Дело, впрочем, замяли, отнеся все к воле божией.
Только полковник категорически заявил:
— На штаны всем солдатикам все-таки надо дать.
И дали, снеся расход на покупку досок.
При желании можно было много выводить таким образом расходов.
К обеду, к двенадцати часам, я возвращался домой, ел «коклетку», пил чай и ложился спать. В два часа я опять купался и опять начинал свой объезд работ.
К семи часам работы кончались, и я возвращался к себе. Это было лучшее время.
Жар спадал, солнце садилось; мне расстилалась бурка, клалась подушка; я ложился со стаканом чаю, с книгой в руках.
Еду сегодня отыскивать камыш для будущей крыши сзоего домика. Лесом, а тем более железом, крыть дорого. Не может быть, чтобы здесь не было где-нибудь камыша или папороти. Я уже расспрашивал братушек, но они молчат, а солдаты говорят, что есть тут подальше камыш. Моя Румынка уже в чепчике, — и, напившись чаю, еду по прямому направлению к югу. Поднялся лесом по какой-то тропинке, наткнулся по дороге на кабаньи следы (Бортову сказать) и выехал на водораздел. Лес исчез, и перед глазами волнистая открытая местность; вот влево повернула большая долина: там должна быть река и камыши.
Какие дни! Безоблачные, тихие, ясные. О такой ясности только знают те, кто знает южную осень. Небо, нежное, синее, охватило своими объятиями яркую, нарядную, всю в солнце, но с печатью какой-то неподвижной грусти, землю, и точно спит в его объятих земля, и с нею спят и море, и корабли, и их белые паруса в синем море, и та высокая колокольня монастыря. Спят или в неподвижном очаровании слушают какую-то нежную скорбь, тихую жалобу, ту жалобу, что шепчет красавица-земля своему возлюбленному солнцу, собирающемуся далеко-далеко уйти от своей милой. Все молит его тихо, покорно: «Останься!» И стоит в раздумье солнце и льет и льет свои последние яркие лучи, и нежнее замирает земля.

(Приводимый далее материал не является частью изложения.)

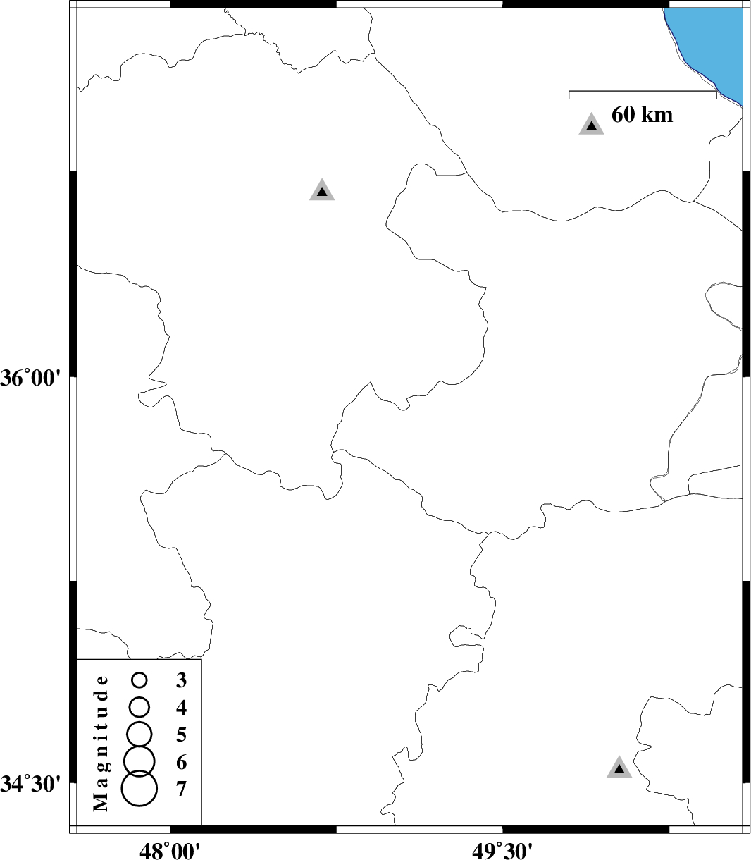 2010/01/22 | 02:33:37.5 | 06:03:37.5 | 35.84 | 49.08 | 31 | ML2.6 | 35 km South-West of Abhar, Zanjan Province |
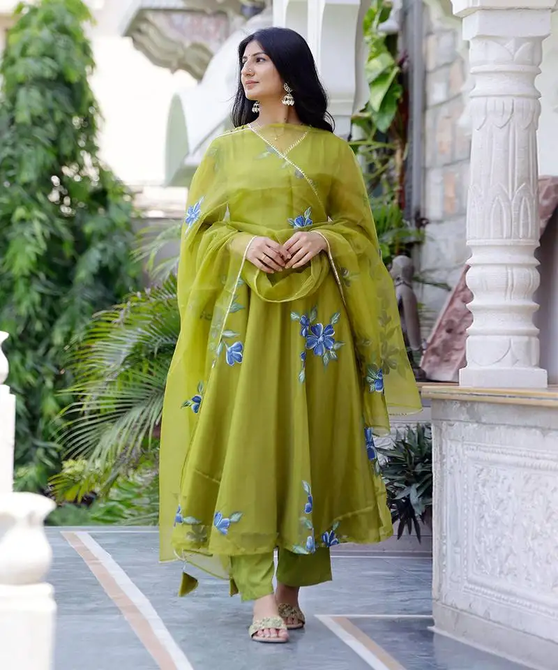 Sale!Mehendi green handpainted suit set
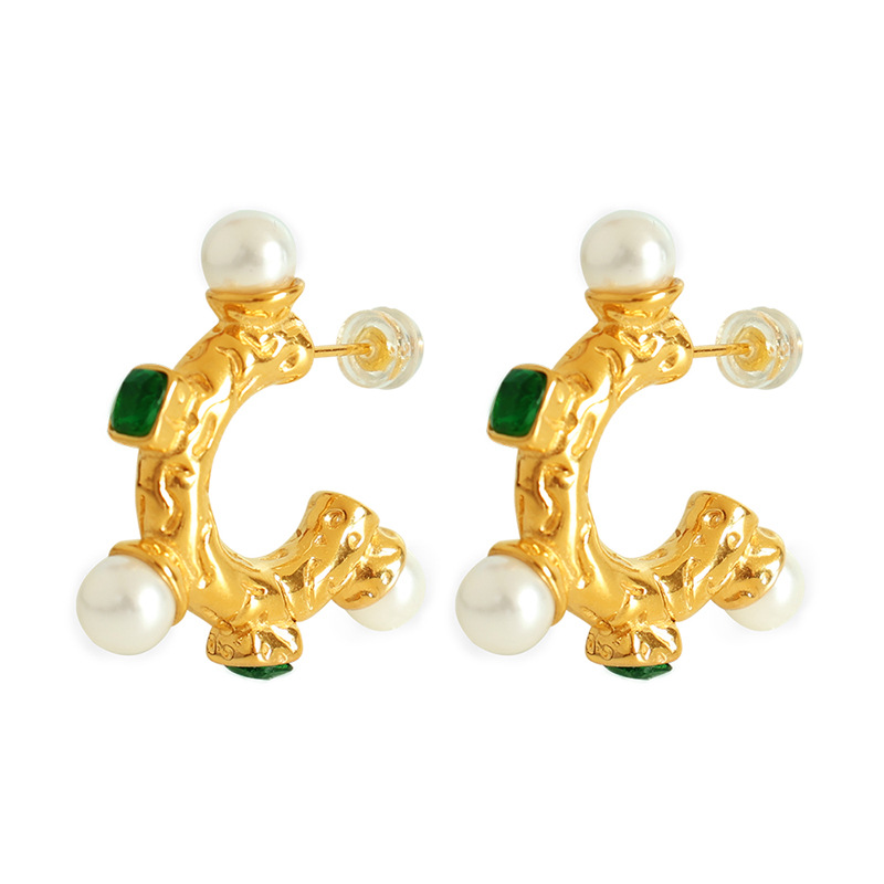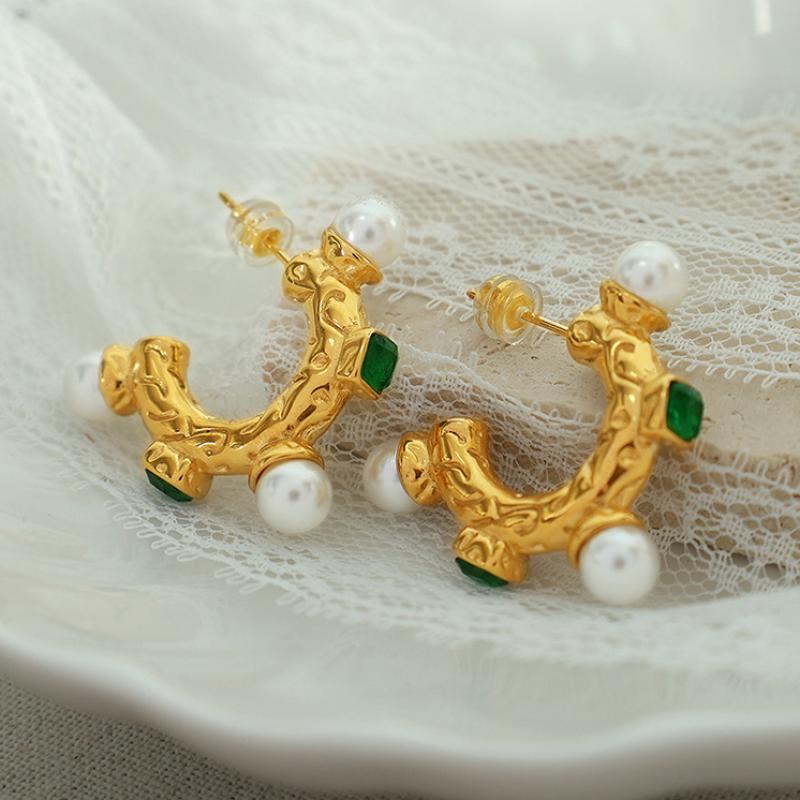 Stainless Steel Stud fülbevaló, 304 rozsdamentes acél, -val Műanyag Pearl, divat ékszerek & mikro egyengetni cirkónia & a nő, aranysárga, 24x30mm, Által értékesített pár
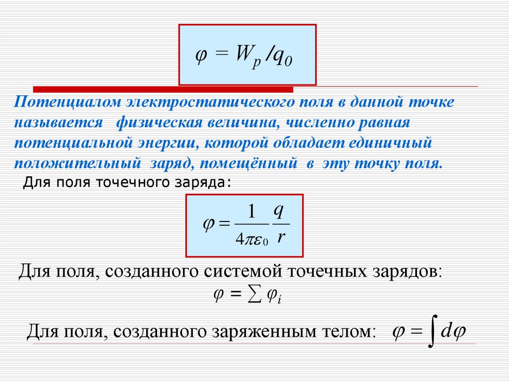φ = Wр /q0Потенциалом электростатического поля в данной точке
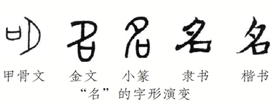 再来看看“名”。“名”在甲骨文中就已经出现,由“口”和“夕”两部分构成。“口”表示嘴,“夕”表示晚上。《说文解字》对“名”的解释是:“名,自命也。从口,从夕。夕者,冥也。冥不相见,故以口自名。”我国古人常常是“日出而作、日入而息”,在晚上看不清的情况下,可以通过说出自己的名字与对方进行沟通。
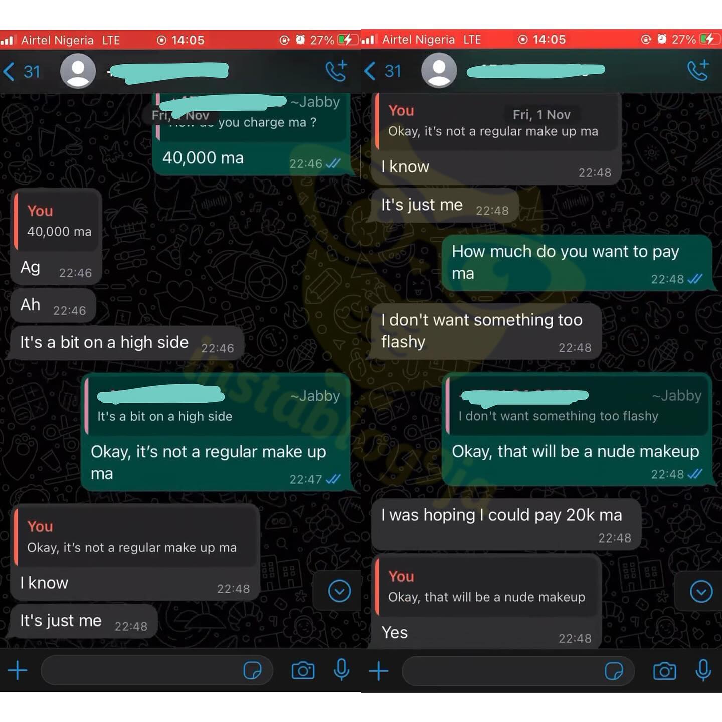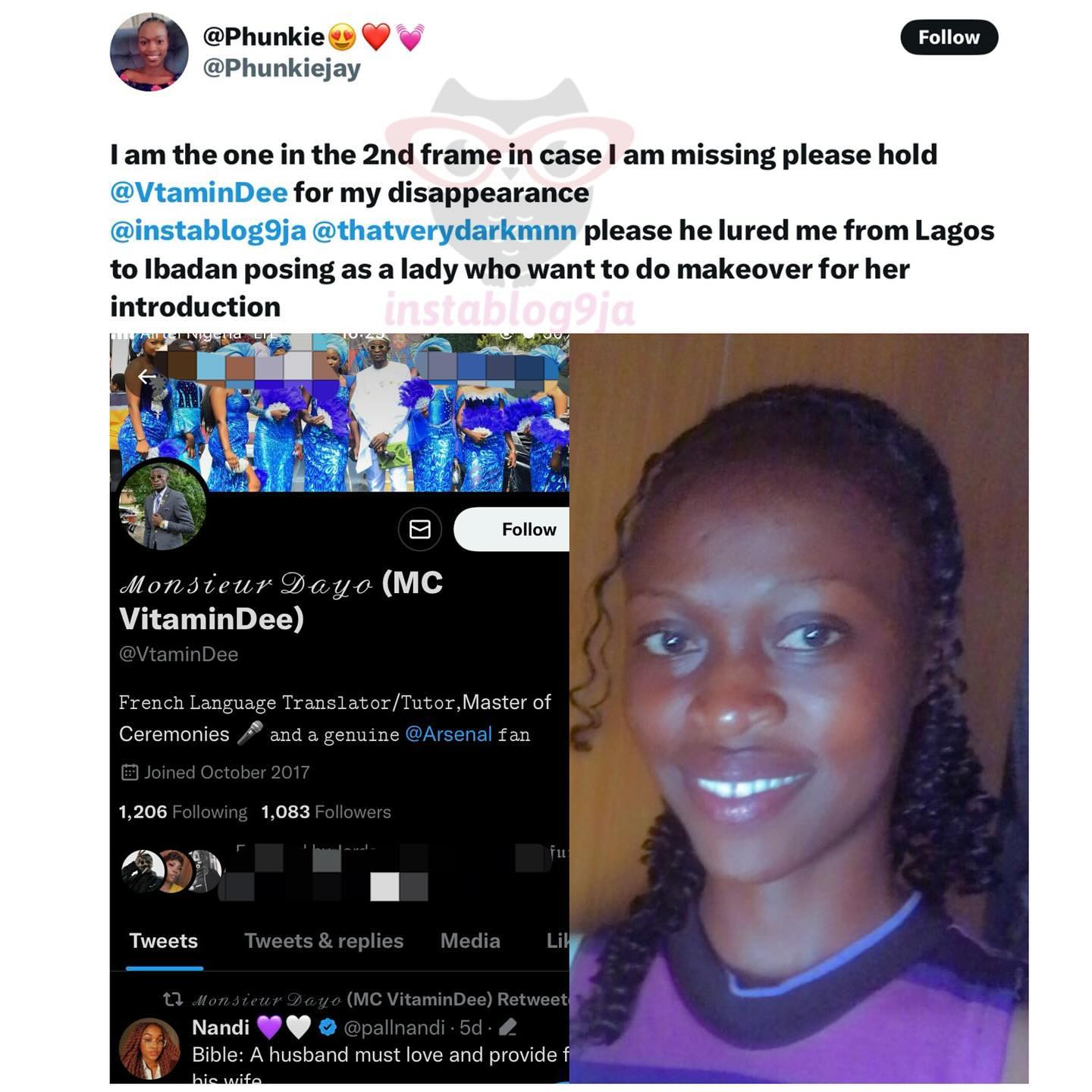 A Nigerian makeup artist has taken to social media to seek help after a disturbing incident involving her ex-boyfriend posing as a man to lure her to Ibadan for a makeover.
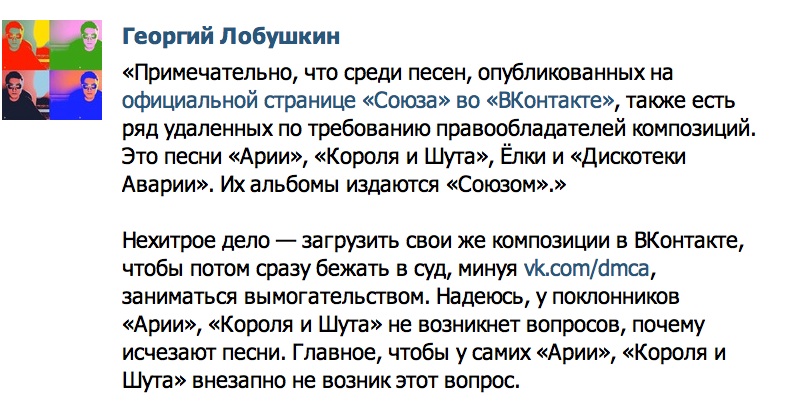 Между тем, развитие сюжета показывает, что сам лейбл, борясь за чистоту каталога, ведет себя в этой ситуации отнюдь не безупречно. Пресс-секретарь «ВКонтакте» Георгий Лобушкин заявил, что "Студия Союз" сама выкладывает аудиозаписи на официальной странице студии в "ВКонтакте".
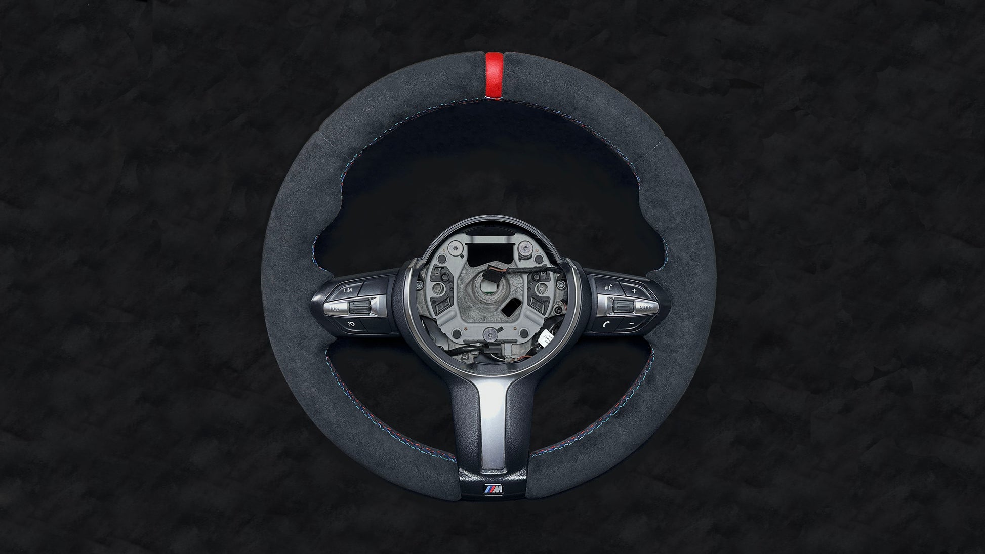 BMW 1, 2, 3, 4 Series Alcantara M Sport Steering Wheel Tricolor Stitching - Red Stripe (F2X, F3X, F8X)
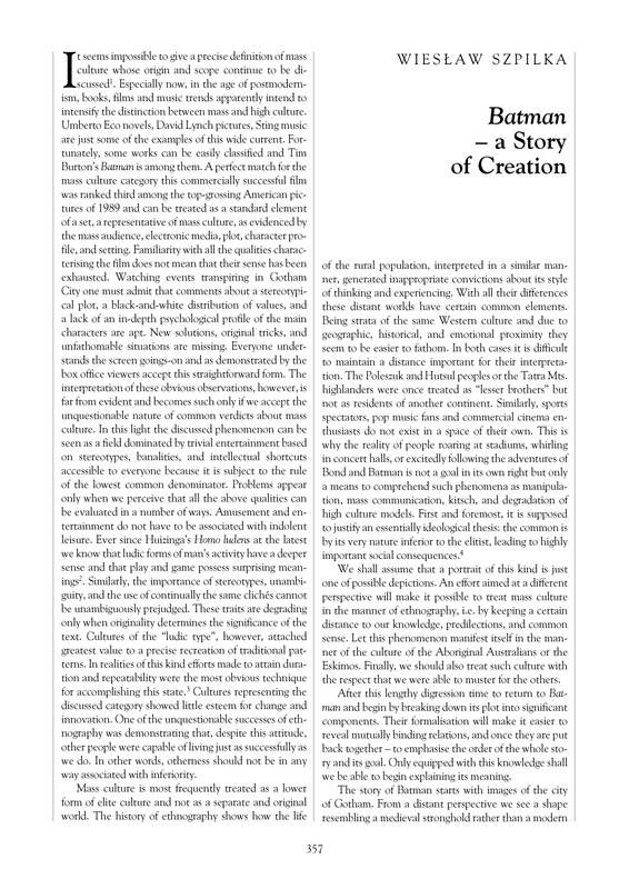 "Batman" - a story of Creation / Polska Sztuka Ludowa - Konteksty 2014 Special Issue
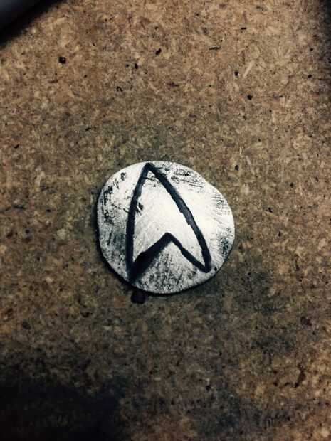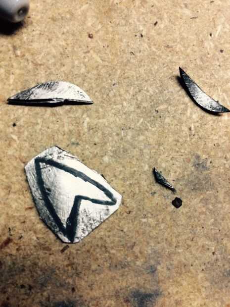 Utilice un rotulador negro para dibujar en el contorno de la capa superior de la insignia. Lijado la superficie un poco para hacer el marcador más fácil de ver en primer lugar, porque el níquel es probable que se ponga negro después de calentamiento y martilleo. Puede utilizar una plantilla o no (yo no). Use Cizallas o tijeras para cortar más o menos la forma de la lata.
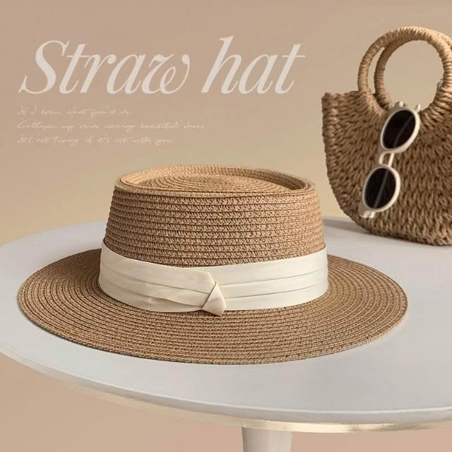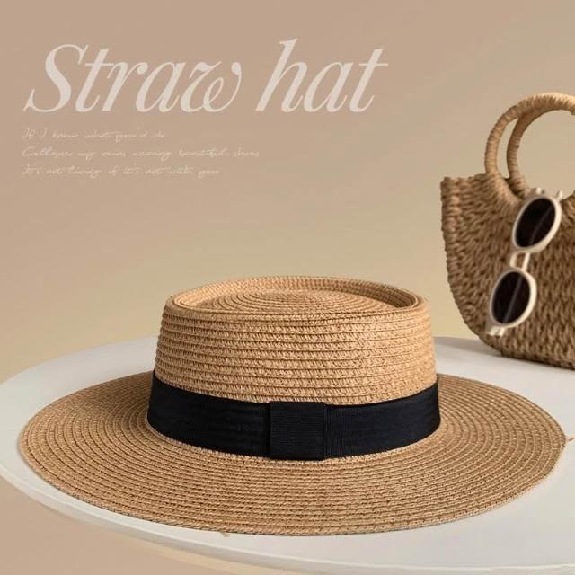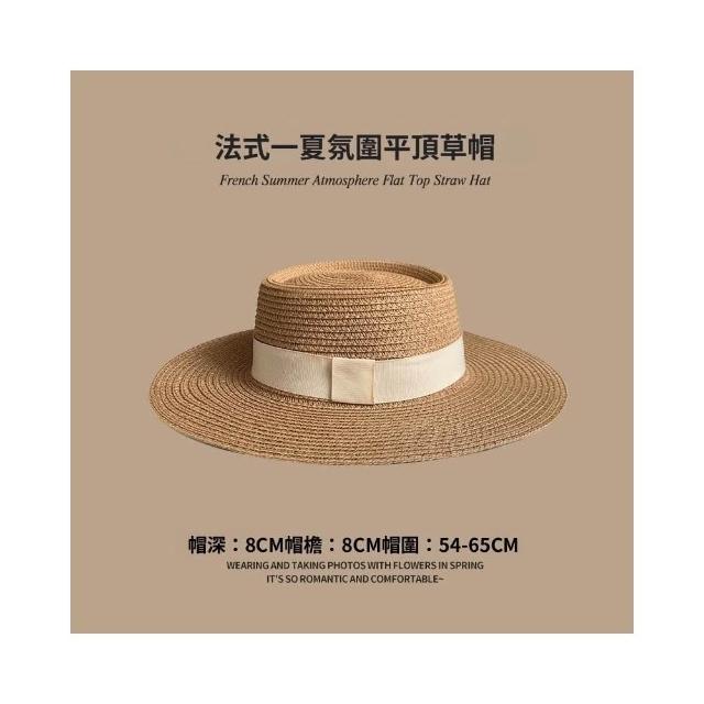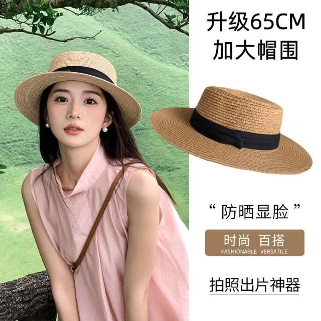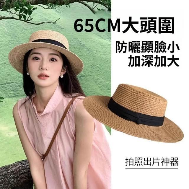 必備 2025新款大頭圍法式平頂草帽女夏季海邊禮帽大碼加大防曬太陽帽子
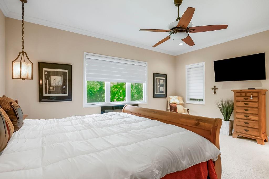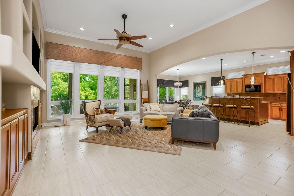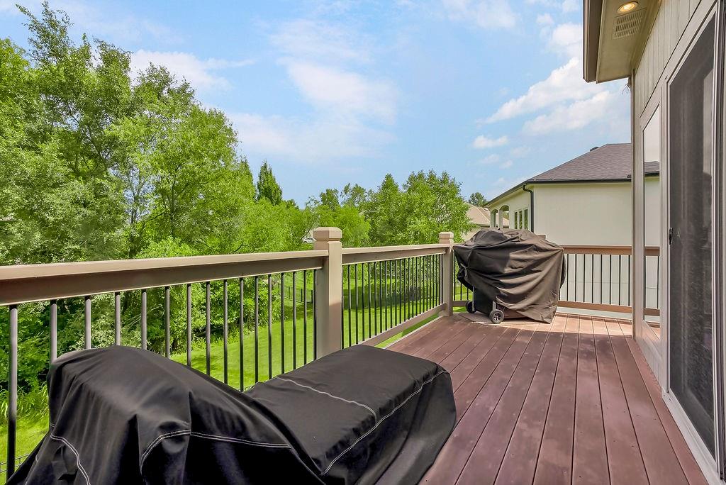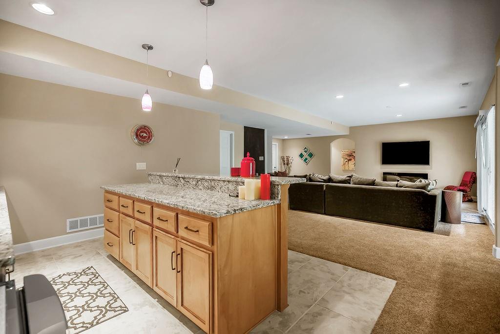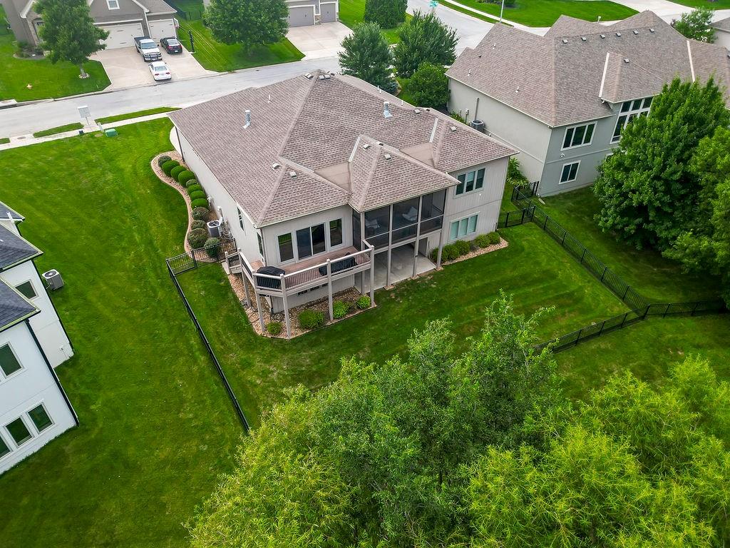 Experience luxury living in this beautifully maintained reverse 1.5-story home. The great room features an elegant electric fireplace, custom built-in shelving, and a striking wall of windows with custom-made awnings that fills the space with natural light. Custom tile extends throughout the main living area upstairs. The spacious kitchen offers granite countertops, a breakfast bar, and a walk-in pantry, all flowing seamlessly into a sunlit dining area surrounded by windows. Just off the dining space, a brand new screened-in porch provides the perfect place to enjoy the stunning wooded views year-round. The main-level primary suite includes a built-in fold-away desk, a large walk-in closet, a gleaming glass shower, Jacuzzi tub, and dual raised vessel sinks set in granite. A second bedroom and full bath are also located on the main level, along with a laundry room complete with sink and cabinetry. The finished lower level shows like new and expands the living space with a generous family room, wet bar, and a dedicated area for a pool table or games. Pool table stays! You'll also find a third bedroom with a walk-in closet, a full bath, and a fourth non-conforming bedroom with a large closet. Outside, the wraparound deck extends along the back and side of the home and connects to stairs leading down to the fully fenced yard, offering convenience and beautiful natural views. Seller is Motivated! Bring us an offer! New roof will be installed prior to closing! The property is part of a well-appointed neighborhood that includes a clubhouse and event center, fitness center, three swimming pools, tennis and pickleball courts, walking trails, a community gazebo, playground, and acres of green space. With easy access to major highways and just minutes from Lake Jacomo and Blue Springs Lake, this home offers the perfect balance of comfort, convenience, and outdoor recreation.

Я спускаюсь к реке, в долину, на большую дорогу, на которой вижу библейские картинки.
Вот идет красавица-болгарка: строгие правильные черты лица, большие черные глаза, живописный костюм, полуприкрытое лицо, мул, на нем мальчик, и рядом с мулом и болгаркой низкорослый, кривоногий, исподлобья смотрящий болгарин.
А дальше я обгоняю арбу, запряженную парой уродливых, голых, черных, как черти, буйволов. Увидели буйволы сверкнувшую реку и понесли и арбу и уснувшего болгарина; лягут там, забравшись по горло в реку, и уж никакими силами не выгнать их оттуда, только их черные морды, как головы гиппопотамов, будут торчать из воды.
А вот и то, что я ищу — камыши.
Еще проехал, — и маленькая дорожка свернула к виднеющейся вдали деревушке у самой речки.
Я въехал на холмик, и оттуда видна мне и залитая солнцем деревушка, и яркая зеленая мурава осеннего луга, н вся осенняя даль, привольная, тихая и задумчивая в ясном дне. Глаз не хочет оторваться от уютной картинки; глаз ласкают и даль, и речка, и мирная деревушка, а в голове, как волны музыки, как звуки какого-то нежного, знакомого мотива, просыпаются какие-то, точно забытые, мысли о чем-то. Точно видел уже эту деревушку где-то, в какой-то панораме, видел эти горы, что вырастают там за ней, уходя вдаль, все выше и выше, в голубое небо. Кто-то рассказывает или ветерок- шепчет какие-то сказки…
Неохотно съезжаю с пригорка и, охваченный этой негой покоя и тишины, еду по мягкому лугу. Но Румынке, очевидно, хочется поскорее добраться до деревни и узнать, что там за уголок, где тоже живут люди, живут, радуются, страдают…
Вот речка и мост, вот уже близки потемневшие домики, и узорчатые окна, и чистые улицы, и поворот, и картинка, навсегда запечатлевшаяся в памяти.
Девушек двадцать болгарок — все красавицы, как на подбор, все высокие, стройные, все гордые, с большими черными глазами, красивыми белыми лицами, — взявшись за руки, с венками на головах, что-то поют и кружатся в хороводе.
Это хоровод русалок, это выставка красавиц.
Вокруг старухи, дети.
Я стою очарованный, прирос, к седлу, не могу оторвать глаз от волшебного виденья, — и вдруг крик, и все исчезает быстро, как видение, закрываются окна, и через мгновение я один в глухой, пустой улице, и никого больше, и так пусто, точно вымерли все или выселилась де-. ревня.